ACTIVITY.
Starting at the line that contains "Prince Andrew is", transcribe each line through the end of the material below, exactly and nothing else, leaving out the pictures.

-- INPUT FOR THIS TASK follows --

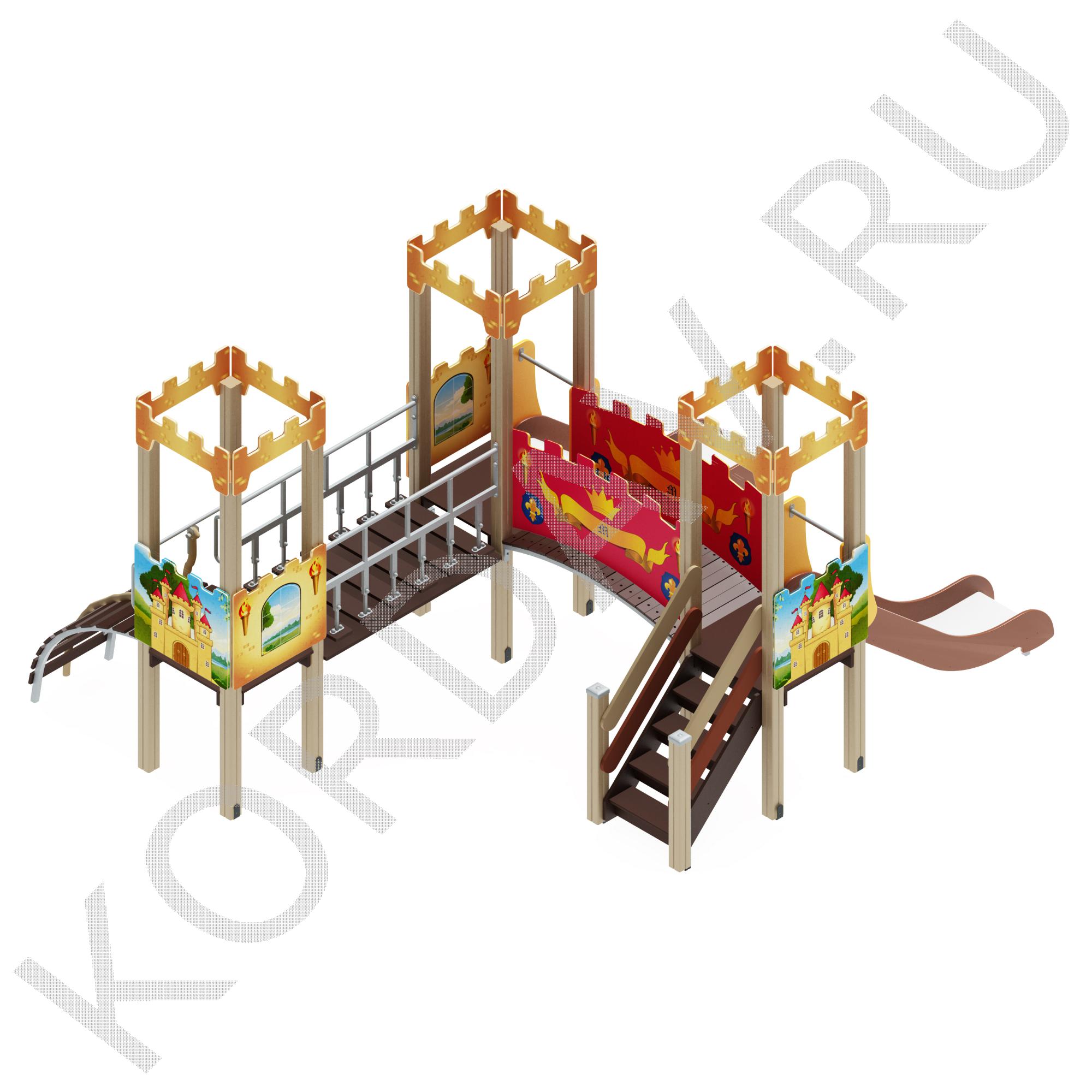 Детский игровой комплекс с трапом – это небольшой сказочный город в своем дворе. В конструкции сочетаются элементы для игры и занятий спортом. Площадки с ограждениями, расположенные на двух уровнях, позволяют детям выбрать занятие по душе. Любителям горок легко подниматься по широким ступенькам. Желоб достаточно широкий, имеет ограждение бортиками. Рядом трап, который дополняет веревка-канат. Все надежно крепится, обеспечивая безопасность на годы.
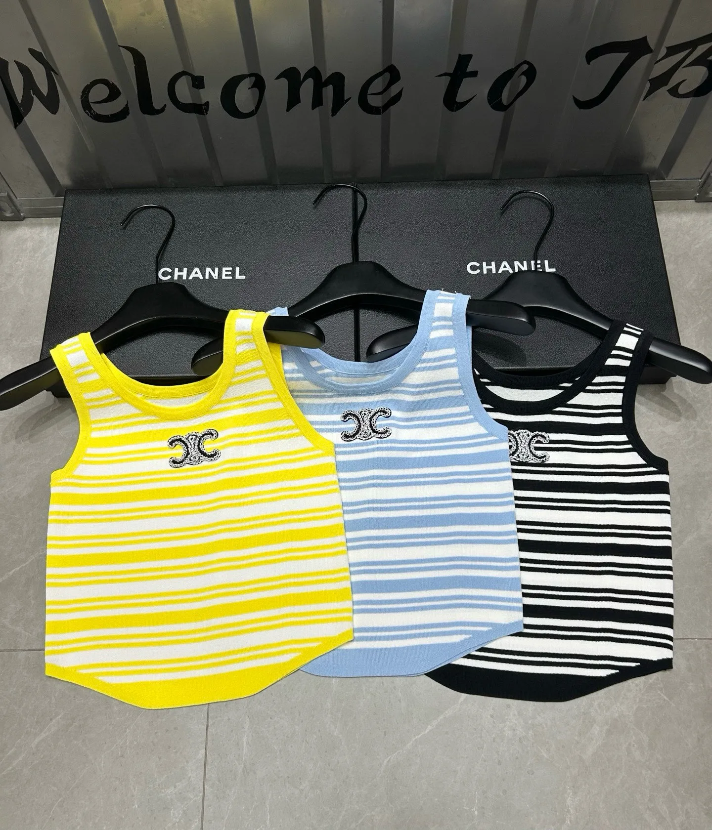 Meistverkaufte Celine Weste Gelb Strick Gestreift Luxus
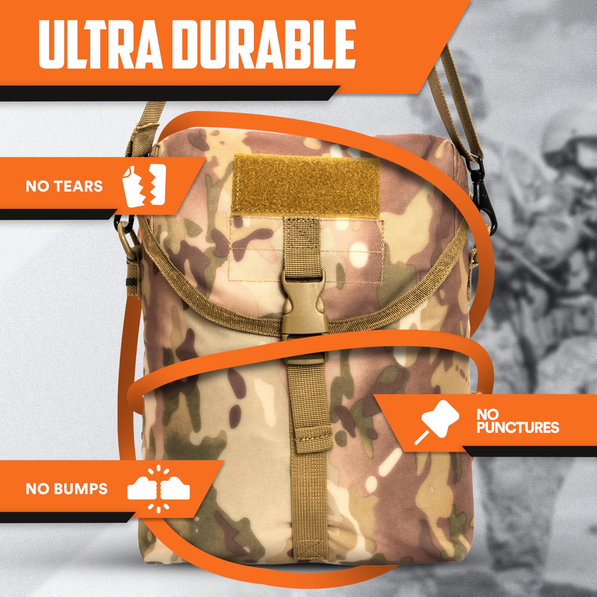 - RUGGED: Ripstop nylon construction. Don't worry about bumps, tears, or punctures. Our gas mask bag/tactical pouch will hold up to the rigors and demands of extreme conditions, protecting your mask and ensuring you get a good seal even after days of rough hiking. This durable 600D PVC coated nylon fabric pouch also makes the perfect dump bag for empty magazines during firearms training or competition.
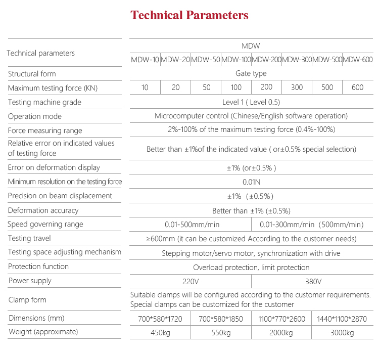 Mitech MDW micro control series gate type electronic universal testing machine, through the computer control motor drive screw, equipped with the corresponding auxiliary for metal, non-metallic and composite materials for pull, pressure, bending and other mechanical properties test (Tensile test carried out between the upper beam of the main body and the moving beam. Compression and bending tests carried out between the table of the host and the moving beam). It’s adopts the built-in controller, AC servo motor, by computer-aided means to achieve powerful function with stable performance, strong structure, high reliability, simple operation, high degree of automation. It’s widely used in metal and non-metallic processing industry, quality inspection departments, scientific research and other areas of higher education institutions and it’s a necessary professional precision testing equipment for improve production efficiency and save production costs.
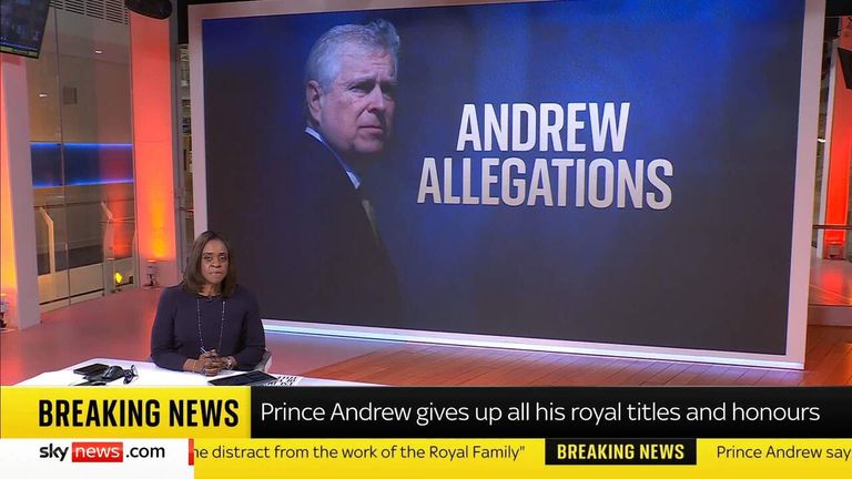 Prince Andrew is giving up his Duke of York title. Sky News understands this will be immediate.
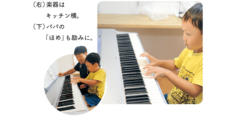 共働きで、平日はなかなか自宅練習のために声をかける時間がとれないからこそ、弾きたいときにすぐ練習できるよう、キッチン横に練習スペースを。

-- INPUT FOR THIS TASK concluded --

FINISHED TASK.
 Prince Andrew is giving up his Duke of York title. Sky News understands this will be immediate.
 共働きで、平日はなかなか自宅練習のために声をかける時間がとれないからこそ、弾きたいときにすぐ練習できるよう、キッチン横に練習スペースを。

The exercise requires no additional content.